People mispronounce words all the time, don’t they? And not only when it is according to accent, e.g, American English, British English. The old you say tomat(e)o, I say tomotto. That is not really a mispronunciation. It is a matter style, if you will. High time some folks come to grips with that. Never mind.

Anyhow, I am talking about words whether in English, French or Spanish and so on, that have the same pronunciation – most of them proper nouns, of course.

The ‘s’ in words such as Cannes or even Paris is silent, for example. But who is to know this unless they really know the cities, right, or the language. Wrong, the most savvy of travellers don’t always get it, right. I should know.

So when someone gets it wrong, what then? A) Ignore the faux pas, while feeling embarrassed for their ignorance, B) Correct them promptly, at the risk of being rude, C) Weave the correct pronunciation into conversation, quite politely.

I have been on both ends of all three answers and in the middle, too, watching on during such slip-ups. But in an early experience with this sort of thing years ago, not having been too far outside of Georgia, I mispronounced, okay I botched the word Bethesda, as in Maryland, only in the company of one friend, and her blunt correction left me marred until this day. Her voice, the weight of a strict teacher’s is still in my head. Needless to say, B is the wrong answer.

Then what about A? Wouldn’t it be best not to say anything? Your friend or associate will stumble upon the truth, sooner or later. Not necessarily. A few years ago, still a green expat, if you will, I pronounced Newcastle, as in England, New Castle, as in New York, time and again, until one bold person resorted to B, in a rather hit me over the head sort of a way. Shocked that A, no one had told me politely after all that time and miffed that B, when they did, they were rude, I refrained from pronouncing strange words, so I thought until recently.

In a casual conversation, I chatted easily about something I thought I knew about. After we had changed the subject, my associate so very cleverly and graciously weaved back to it, asking a question about the town/city I spoke of, pronouncing it correctly. So what do you think of Mar-baya, she said as in Marbella, Spain?
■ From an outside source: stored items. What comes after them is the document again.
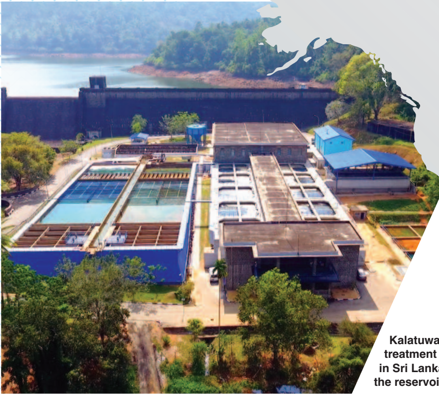
Kalatuwawa water treatment plant in Sri Lanka with the reservoir
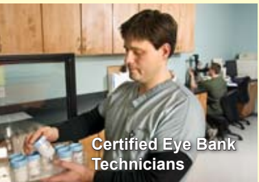
Certified Eye Bank Technicians
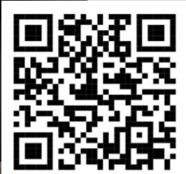
Scan to download the app
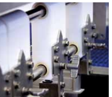
No tools needed for dismantling
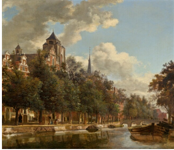
Jan van der Heyden Dutch, 1637 - 1712
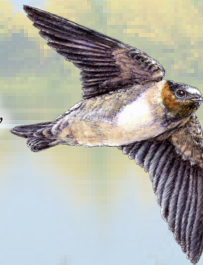
○ American Cliff Swallow Petrochelidon pyrrhonota varied "pidaro pidaro pidaro"
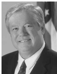
Governor Haley Barbour (R) Yazoo City
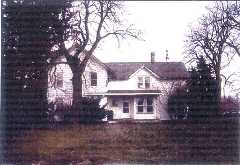
South Side of House Looking North
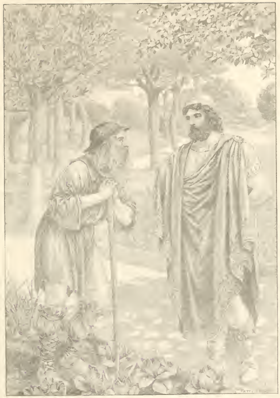
ODYSSEUS AND LAERTES
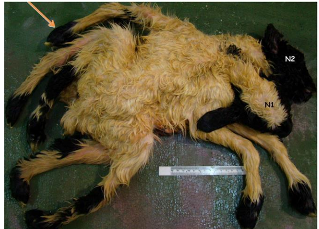
Fig. 2. External feature of conjoined twin lambs. Showing the notomelus (Arrow) and in N2 and over extension of the hind limbs in N1.

The rule here is that the two ll’s in some Spanish words such as Marbella, sound a bit like a ‘y’. Ok, how is an English speaking person to know that unless they have studied Spanish? Actually, though true, it is irrelevant to the point, which is well summed up in an apropos James Joyce quote.

“Mistakes are the portals of discovery.”

As for me, best get on with discovering, with a view that some tactful person will help me see (C) my way through it.